| Source: Restamax Oyj
Restamax Plc

STOCK EXCHANGE RELEASE 29 July 2014, 17:00

Decisions made at the Restamax Plc Extraordinary General Meeting

Restamax Plc's Extraordinary General Meeting was held today, 29 July 2014, in
Tampere. The General Meeting confirmed and approved the Board of Directors'
proposals regarding the change of the company's Articles of Association and the
purchase of a major part of Staff Invest Group's labour hire service operations
and certain of its subsidiaries that provide labour hire services.

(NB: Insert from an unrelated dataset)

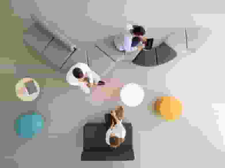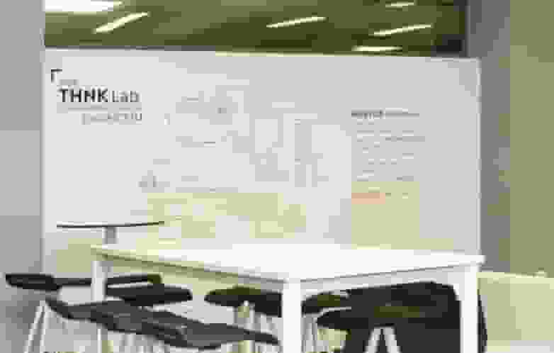 Collaborative area, creative thinking, project prototyping, team work, in which two types of tables have been installed, whilst both still possess the common feature of having large work surfaces. On the one hand, the Cool Meeting high table allows to work standing up or sitting on the Mit stools, also having the round Tábula tables, in this case designed to meet the needs of small teams. As a complement to this, the Prisma table combined with the versatile Wing seats offer an alternative for working together whilst sitting down.
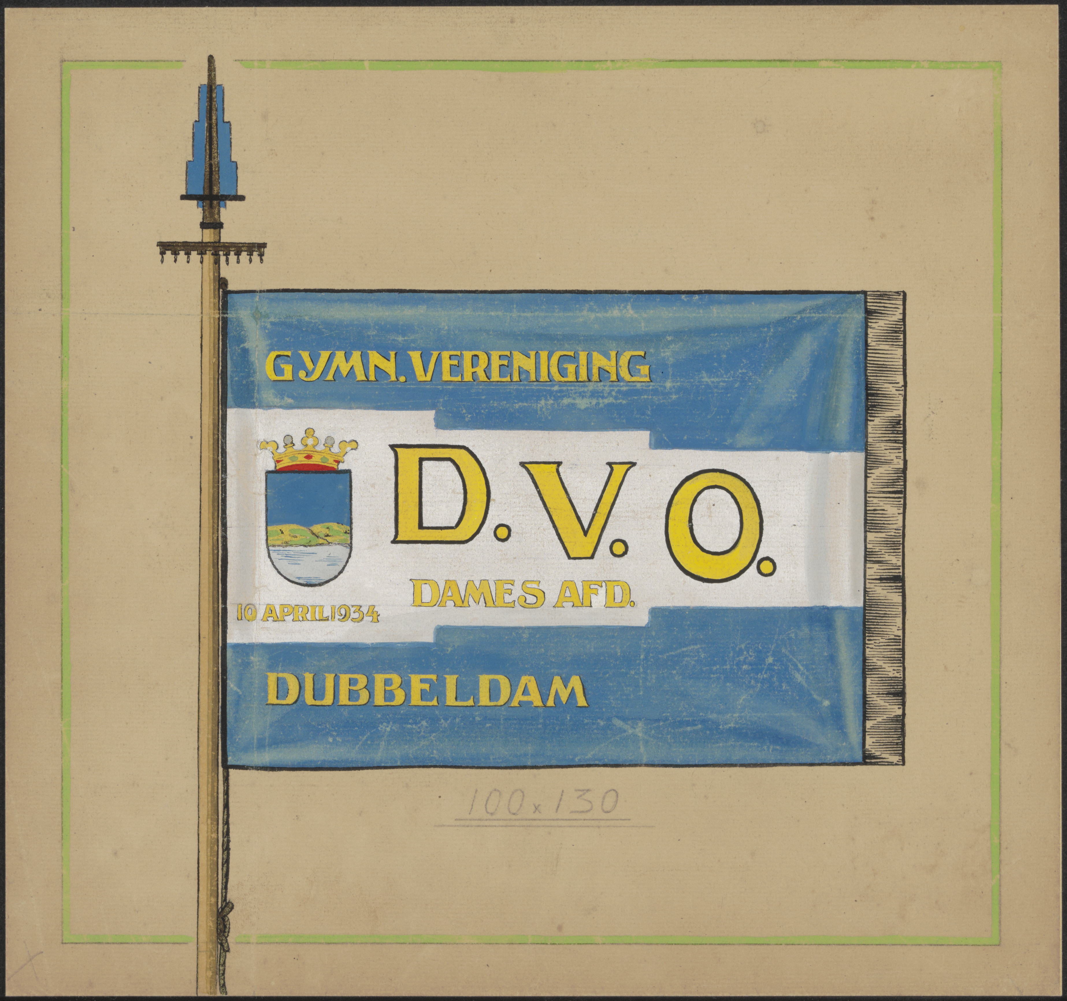 - Een vlag met stok van de Dubbeldamse Gymnastiekclub D.V.O., damesafd., opgericht 10 april 1934 te Dubbeldam.

Attorney-at-Law Heli Piksilä-Rantanen acted as the chair for the General Meeting
and LL.M. Hannu Selin as the secretary.


Change in the company's Articles of Association

The General Meeting approved the change of the company's Articles of Association
by adding labour hire services to Article 2 - Line of business in the following

Article 2 - Line of business

The company is engaged in restaurant operations as well as in planning and
consultancy activities related to the restaurant industry. The company also
engages is labour recruitment, hire, outsourcing and mediation services. The
company may own and control shares in companies engaged in the above-mentioned
lines of business and provide management and other administrative services to
them. The company may grant loans, guarantees and securities to the companies it
owns wholly or partly and see to the supervision of these companies. The company
may own shares and real estate and engage in securities trading and other
investment activities.

Corporate Acquisition

The General Meeting confirmed and approved the Board of Directors' proposal
regarding the purchase ('Corporate Acquisition') and transfer of ownership to
Restamax Plc or one of its subsidiaries of the labour hire services of Staff
Invest Group and certain of the group's subsidiaries engaging in labour hire
services ('Decision').

The General Meeting authorised the Board of Directors to begin implementation of
all required and acceptable measures related to the Corporate Acquisition,
including any modifications, deviations, corrections and changes the Board of
Directors consider necessary or desirable (provided that none of the said
modifications, deviations, corrections or changes essentially change the primary
content of the Corporate Acquisition).

The transfer of ownership of the object of acquisition is estimated to take
place on 1 August 2014, on which date approximately MEUR 7.0 of the Purchase
Price is to be paid in cash. The difference between the current assets and the
borrowed funds of the companies included in the acquisition will be paid to the
vendor by 31 December 2014. The remaining part of the purchase price, MEUR 0.7,
will be paid according to a separate payment plan by 31 August 2016.

Minutes of the General Meeting

The minutes of the General Meeting are available to the shareholders at the
Restamax Plc head office and on the company's website at by the latest
on 12 August 2014.

Additional information:

CEO Markku Virtanen, Restamax Plc, tel. +358 400 836 477
CFO Jarno Suominen, Restamax Plc, tel. +358 40 721 5655


Major media

Restamax Plc is a Finnish restaurant business group established in 1996. The
company has continued to grow steadily throughout its history. The Group
companies comprise approximately 80 restaurants, cafés, pubs and nightclubs all
over Finland. Well-known restaurant concepts of the group include, among others,
Ristorante Bella Roma, Gringos Locos, Viihdemaailma Ilona, Daddy's Diner and
Stefan's Steakhouse. Wayne's Coffee is also a part of the company's portfolio.
Restamax plc employs approximately 900 people, proforma turnover in 2013 was
approximately MEUR 87.0 and EBITDA about MEUR 13.3.